Ibu Allan hanya melihat saja percakapan dari pastor dan Allan dari kaca jendala rumahnya dengan perasaan yang cemas.
***
Sekarang Allan menjadi rajin ke gereja. Ia sangat disenangi oleh teman-temannya karena ia baik dan jujur. Ibunya sendiri juga sangat bangga kepada Allan karena Allan sudah menjadi lebih baik dan berkembang. Sekarang Allan sedang menghadapi ujian nasional ia dapat melewatinya dengan baik dan dibekali oleh nilai yang memuaskan hingga mendapat nilai tertinggi disekolahnya.
“Bu hasil ujianku adalah yang tertinggi disekolahku,” teriak Allan dari pintu rumahnya mengejutkan ibunya yang sedang memasak.
“Benarkah Lan?” tanya ibunya dengan tersenyum lebar.
“Iya bu, dan aku ingin meminta izin kepada ibu apakah boleh aku daftar ke Seminari lagi?

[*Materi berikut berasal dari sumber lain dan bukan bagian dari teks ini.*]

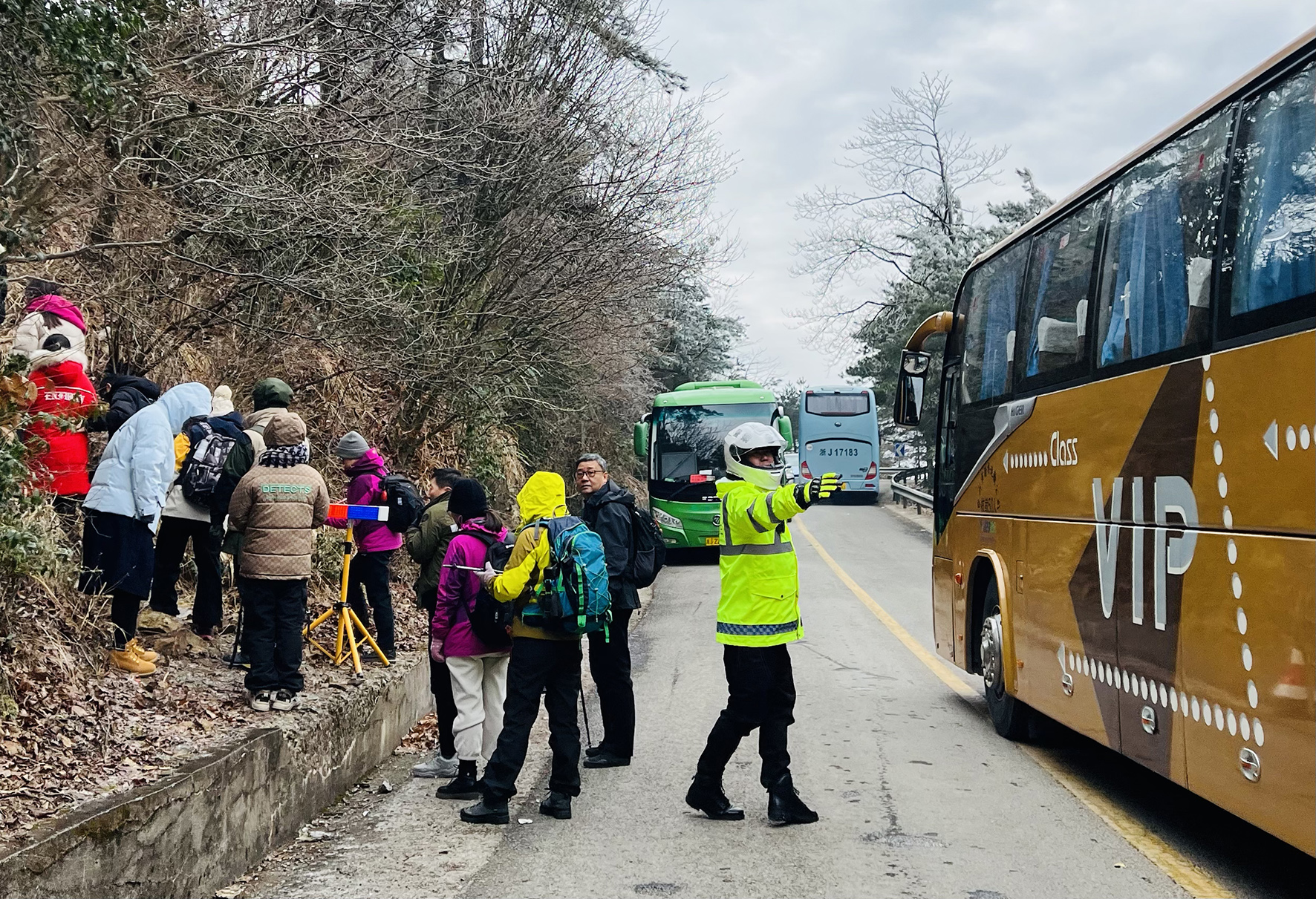 近日,受寒潮影響,浙江省臺(tái)州市天臺(tái)縣石梁鎮(zhèn)千米海拔的華頂山上迎來(lái)首場(chǎng)霧凇美景,吸引了大量不畏嚴(yán)寒前來(lái)觀賞的游客。天臺(tái)縣公安局交警大隊(duì)民輔警堅(jiān)守崗位,加強(qiáng)路面指揮疏導(dǎo),確保景區(qū)道路安全暢通,全力守護(hù)游客出行安全。

Karena aku merasa masih ada panggilan dalam diriku ini, setelah aku berhasil melewati semuanya ini dengan baik bu.”
“benarkah itu Lan? Ibu sangat senang mendengarnya urusan biaya tidak perlu kamu hiraukan. Asal kan kamu sungguh-sungguh untuk kali ini.” Jawab ibunya dengan semangat. Ibunya sangat senang mendengar Allan ingin masuk Seminari lagi karena ibu Allan sangat ingin anaknya menjadi seorang pastor.
“Tapi, bukannya uang tabungan ibu sudah habis untuk biaya pindahku dulu?” Tanya Allan dengan lembut.
“Tenang, ibu masih mempunyai emas peninggalan ayahmu dulu yang dapat ibu jual. Sudah pokoknya kamu tidak perlu khawatir.”    
“Baiklah bu, aku tidak akan jatuh kedalam kesalahan yang sama lagi.” Jawab Allan dengan semangat.
***
Setelah menempuh pendidikan di Seminari. Allan sekarang sudah menjadi seorang frater, ia hanya tinggal menunggu waktu setahun lagi untuk ditahbiskan menjadi seorang pastor. Namun ia mendapat kabar buruk dari pastor parokinya bahwa ibunya telah meninggal dan telah dimakamkan. Mendengar hal itu Allan menjadi sangat sedih karena ia telah kehilangan orang yang paling ia sayangi yang telah mendukungnya sampai saat ini dan ia tidak dapat melihatnya untuk terakhir kalinya. Ia berpikir bahwa ia sudah sampai sejauh ini karena ia ingin menjadi pastor dan membahagiakan ibunya tapi sekarang ibunya sudah tiada dan ia ingin memutuskan untuk keluar dari Seminari. Tapi ia juga berpikir bahwa pengorbanan ibunya dulu akan sia-sia saja dan jika ia keluar ia juga tidak akan bertemu ibunya. Jadi, Allan memutuskan untuk tetap lanjut dan ia yakin bahwa ibunya pasti akan bahagia juga di surga karena mengetahui pengorbanannya yang tidak sia-sia.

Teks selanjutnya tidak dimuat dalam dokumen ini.